Missile test an urgent step towards defending IAF bases

By Ajai Shukla
Business Standard, 1st July 16

On September 6, 1965, the Pakistan Air Force (PAF) launched its first major air attacks into India. Ranging freely across the border, PAF fighters attacked multiple Indian Air Force (IAF) bases, destroying (according to Indian accounts) ten Indian fighters on the ground in Pathankot, damaging another three, and downing two IAF fighters protecting Halwara air base. The next day, another 12 Indian fighters were destroyed on the ground in Kalaikunda air base, in West Bengal. The IAF remained on the back foot for the rest of the 1965 war.

The likelihood of another such debacle receded on Thursday, with the successful test firing of the eponymous medium range surface to air missile (MR-SAM) off the Odisha coast. Jointly developed by the Defence R&D Organisation (DRDO) and Israel Aerospace Industries (IAI) of Israel, the MR-SAM detects incoming enemy aircraft while they are well over a hundred kilometres away and destroys them at ranges out to 70 kilometres.

Broadly, the DRDO has developed the propulsion systems of the MR-SAM, while IAI has developed the radar and guidance systems. The Ministry of Defence (MoD) confirmed that Indian and Israeli experts were present at the test today, in which the missile detected and destroyed a pilotless target aircraft.

This will be welcome news for the IAF, which still protects its air bases with vintage Soviet-era surface-to-air missiles that should have retired decades ago, and with the DRDO’s Akash missiles that have an inadequate range of 25 kilometres. In the modern concept of “layered air defence”, short range missiles like the Akash are responsible only for close-in defence, while longer range missiles like the MR-SAM engage hostile aircraft at longer ranges.

The MR-SAM project is a twin of the Indian Navy’s Long Range Surface to Air Missile (LR-SAM) project, also being developed by the DRDO-IAI combine. While the key missile and guidance technologies and the missile capabilities are identical, the MR-SAM is a ground-and-vehicle based missile, while the LR-SAM is being deployed in warships.

In tandem with the LR-SAM, the MR-SAM is late by years, partly because of the cutting-edge technologies they incorporate. In March 2009, the IAF signed the contract for 18 fire units (each equipped with 24 missiles), which were to be delivered by October 2016. But with just the first test having been concluded, it will take at least another two years for the first MR-SAM batteries to enter squadron service.

Each self-contained fire unit includes a radar, three missile launchers, and a sophisticated Combat Management System.

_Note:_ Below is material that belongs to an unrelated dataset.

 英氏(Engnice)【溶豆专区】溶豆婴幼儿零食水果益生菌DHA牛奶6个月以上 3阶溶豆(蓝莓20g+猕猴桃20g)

Since the missiles themselves have a limited shelf life, orders for missiles will be placed incrementally, as they are consumed in training, testing and operations.

When Business Standard visited the DRDO’s missile complex in Hyderabad, officials stated that the IAF had funded 90 per cent of the MR-SAM’s development cost of Rs 10,075 crore. The DRDO funded the remaining 10 per cent.

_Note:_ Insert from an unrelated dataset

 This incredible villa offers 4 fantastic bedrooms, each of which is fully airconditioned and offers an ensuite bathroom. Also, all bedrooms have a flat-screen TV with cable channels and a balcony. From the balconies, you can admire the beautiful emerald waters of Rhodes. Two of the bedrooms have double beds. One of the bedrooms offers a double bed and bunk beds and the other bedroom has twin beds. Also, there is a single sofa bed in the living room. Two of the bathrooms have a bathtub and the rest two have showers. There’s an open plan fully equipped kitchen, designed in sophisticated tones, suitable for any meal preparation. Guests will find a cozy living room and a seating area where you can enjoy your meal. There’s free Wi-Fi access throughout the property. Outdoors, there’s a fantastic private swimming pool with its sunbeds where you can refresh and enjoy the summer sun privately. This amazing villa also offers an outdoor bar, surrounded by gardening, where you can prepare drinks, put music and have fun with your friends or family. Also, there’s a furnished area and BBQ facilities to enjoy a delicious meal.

In an unusual arrangement, the DRDO did not just carry out technology development of the MR-SAM, but effectively functioned as the project manager. Officials confirmed that that the DRDO was handed control of the development budget, and asked to develop private industry partners who would assist in the development of MR-SAM sub-systems, and also manufacture those when it entered commercial production.

Acknowledging their contribution, a defence ministry statement today said: “Many Indian industries like BEL (Bharat Electronics Ltd), L&T (Larsen & Toubro), BDL (Bharat Dynamics Ltd), Tata group of companies, besides other private industries have contributed to the development of a number of subsystems which have been put into use in this flight test.” 

After the test today, Defence Minister Manohar Parrikar congratulated the DRDO and the industry partners, while the DRDO chief, Dr S Christopher, declared the test a major milestone for the IAF’s air defence.


  1. "The likelihood of another such debacle receded on Thursday".
    The above line in the article is too dramatic and totally inaccurate. Ajai Shukla purports to suggest that all IAF bases are left unprotected!! IAF has used SA-6 and Pechoras SAMs against incoming hostile aircraft since the 70s; more recently it even acquired Akash. The Barak 8 is definitely better, but it's misleading to suggest that what happened in 65 would be repeated until Barak 8 MR-SAM is inducted.
    Even if Ajai Shukla thinks that none of the SAMs deployed currently are effective, then the risk hasn't really receded on 'Thursday', as Barak 8 hasn't yet been inducted into IAF!!!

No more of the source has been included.